Analyzing Homepage Traffic

General 24 February 2024

I’ve recently switched from using Lamdba@Edge to Cloudfront Functions as it was a better option for my use case. I’ve covered it briefly in this post.

After making the switch, I remembered how I was able to see website traffic back when I used Google Analytics. Although I don’t use it today, I suddenly got curious and wanted to see who were visiting my homepage (if there were any). So I decided to use the Cloudfront function to gather some logs. I had my expectations pretty low as I don’t really care and I always paid a penny (literally 1 penny) for S3 usage which shows how empty the traffic is.

I only collected the IP address and the requested URI. I printed those info to the console and was able to store the logs using Cloudwatch.

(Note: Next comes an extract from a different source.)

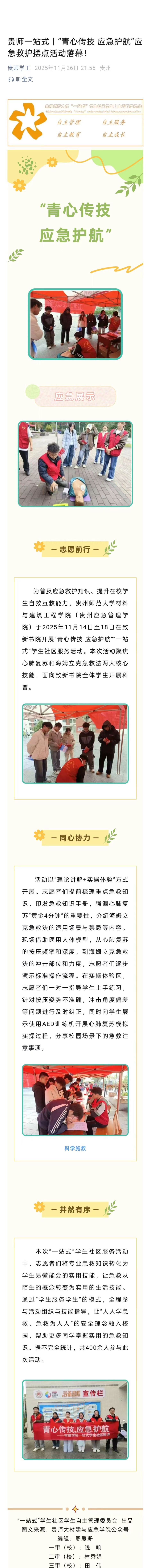 贵师一站式|“青心传技 应急护航”应急救护摆点活动落幕!

According to the pricing page archived on February 17th, 2024, you can store 5 GB of data (including not only logs but also Log Insight query transfers and more) for free. Since the pricings may change, make sure to visit the most up-to-date pricing page.

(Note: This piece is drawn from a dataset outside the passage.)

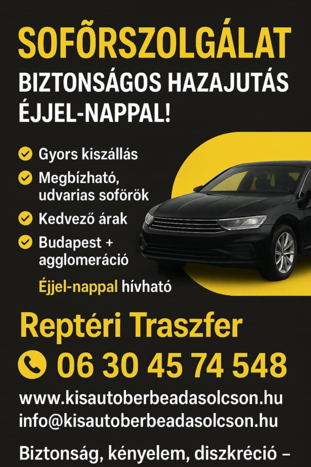 Sofőrszolgálat – Biztonságos hazajutás, saját autóval A Kisautó Bérbeadás Olcsón sofőrszolgálata azért jött létre, hogy bármilyen helyzetben biztonságosan, gyorsan és kényelmesen hazajuttassuk Önt és autóját. Legyen szó egy esti buliról, családi összejövetelről, vacsoráról, céges rendezvényről vagy bármilyen alkalomról, amikor Ön nem szeretne vagy nem tud vezetni – ránk mindig számíthat. Miért válassza sofőrszolgálatunkat? Biztonság mindenek felett Nálunk a legfontosabb az Ön és autója épsége. Tapasztalt sofőrjeink pontosan, magabiztosan és körültekintően vezetnek. Ön nyugodtan pihenhet az út során, tudva, hogy minden a legnagyobb rendben zajlik. Gyors kiérkezés, rugalmas rendelkezésre állás Szolgáltatásunk a hét minden napján elérhető. Ha azonnali segítség kell, vagy előre szeretné lefoglalni a hazautat, rugalmasan alkalmazkodunk az igényekhez. Saját autóval viszünk haza Nem kell ott hagynia az autót a város másik felén. Sofőrünk az Ön járművével juttatja haza, így másnap nem kell visszamenni érte. Kedvező, előre kalkulálható árak Árainkat átláthatóan és korrekten alakítottuk ki. Nincs rejtett költség, kiszámítható díjak alapján dolgozunk – így pontosan tudhatja, mennyibe kerül a hazajutás. Diszkrét és udvarias sofőrök Munkatársaink nemcsak jól vezetnek, de kommunikációban és ügyfélkezelésben is kiemelkedőek. Kulturált, ápolt megjelenés és maximális diszkréció minden ügyfelünk számára garantált. --- Kinek ajánljuk sofőrszolgálatunkat? Akik éjszakai szórakozás után biztonságosan szeretnének hazajutni Céges rendezvények résztvevőinek Étteremből, bárból, esküvőről távozóknak Bárkinek, aki elfáradt, rosszul lett vagy egyszerűen nem szeretne vezetni Idősebb vagy bizonytalanabb sofőröknek, akik alkalomszerű segítséget kérnének Akár egy hosszabb utazás végén is, amikor Ön már kimerült --- Hogyan működik a sofőrszolgálat? 1. Hívjon minket telefonon Megadja a kiindulási címet és a célállomást. 2. Sofőrünk rövid időn belül megérkezik Udvariasan bemutatkozik, és szükség esetén segít eligazodni. 3. Saját autójával hazaviszi Önt Ön kényelmesen hátradől, sofőrünk pedig biztonságosan vezet. 4. A helyszínen történik a fizetés Áraink előre egyeztethetőek, így nincsenek meglepetések. --- Miért fontos a sofőrszolgálat? A túlzott alkoholfogyasztás, a fáradtság vagy akár egy rosszullét is komoly veszélyt jelenthet a volán mögött. A sofőrszolgálat a legbiztonságosabb, legésszerűbb és egyben legkényelmesebb megoldás arra, hogy Ön és autója is épségben hazaérjen. Egy baleset vagy vezetés közbeni szabálysértés sokkal többe kerülhet, mint egy egyszerű sofőrszolgálati díj. --- Kapcsolat és rendelés Hívjon minket: [06304574548] Kisautó Bérbeadás Olcsón & Sofőrszolgálat www.kisautoberbeadasolcson.hu.

After waiting for 2 weeks, I’ve collected about 600 logs. I then created a temporary S3 bucket to store the logs and eventually downloaded them all using the aws-cli. There are multiple ways to download object(s) from S3, so check out the instructions here. Since data transfer out from S3 buckets are billed, make sure to check the pricing. After downloading all the logs, I ran a simple bash script to parse and gather all the date, IP, and URI.

#!/bin/bash

rm -f "./logs.csv"
touch "./logs.csv"

# Parse date, ip, uri
for subdir in */; do
    
    cd "$subdir"
    
    for compressed_log in *.gz; do
        gzip -dk "$compressed_log"
        cat "${compressed_log%.gz}" | sed -n "s/^\(.*Z\) .* IP : \(.*\), URI: \(.*\)$/\1,\2,\3/p" >> "../logs.csv"
        rm "${compressed_log%.gz}"
    done
    
    cd ".."
done

# Parse the IP and URI into separate files
cat "./logs.csv" | sed -n "s/^.*,\(.*\),.*$/\1/p" > "./ip"
cat "./logs.csv" | sed -n "s/^.*,.*,\(.*\)$/\1/p" > "./uri"

# Sort and count the occurrences of IP and URI 
sort "./ip" | uniq -c | sort -nr > "./ip_sorted"
sort "./uri" | uniq -c | sort -nr > "./uri_sorted"

After I got the lists, I first looked at the URIs. Most of the requests were pretty normal and related to the posts and the main page. However, there were some abnormal requests such as the following:

  count uri
/ads.txt
/wp-login.php
/app-ads.txt
/wp-admin/css/
/.well-known/
/.env
//xmlrpc.php
/filemanager/dialog.php
/_profiler/empty/search/results
/insurance/public/admin/lib/webuploader/0.1.5/server/preview.php
/.git/HEAD
/Content/themes/js/plugin/ueditor-1.4.3.3/net/controller.ashx

There were requests for /wp-login.php from various places such as a VPN in Chicago and Republic of Mauritius which is an island country east of Madagascar that has a population of about 1.26 million.

One that caught my eye was //xmlrpc.php due to its weird URI (notice two forward slashes) and I also suspected RPC to mean remote procedure call. After some searching, I found that it was a php module to remotely manage your WordPress site. According to multiple articles online, it used to be automatically enabled in older versions of WordPress and it was highly recommended to disable the module due to security concerns. From the same IP that tried to access the RPC, it made two separate batches of calls looking for other WordPress-related resources. An IP look up showed that it was coming from a data center, so I’m guessing that someone or some organization is trying to do some shady stuff. In addition, there were so many other requests to resources that were related to WordPress. Not only were there requests to old versions of WordPress modules that had known vulnerabilities, there were some that were related to a quite recent vulnerability, and many of those IPs were blacklisted on some anti-spam databases.

There were some weird cases where a crawler was trying to access my old posts through a VPN in Germany. It was weird because it tried to access my old posts that I wrote in Korean which don’t exist now. I’m not sure how or why.

There were also some requests trying to access .git for some reason.

Moving on to IP addresses, I found that many were from web crawlers that are probably used for updating the search engines like Google. The reasoning is that the top IP addresses that visited my website looked for robot.txt which contains instructions to web crawler bots, and it also only looked at the links visible in the root / of the webpage within the span of 2~4 seconds. Atleast 55% of the requests were coming from the same type of web crawlers.

In summary, internet is actually full of bots and there are strangers who have malicious intent.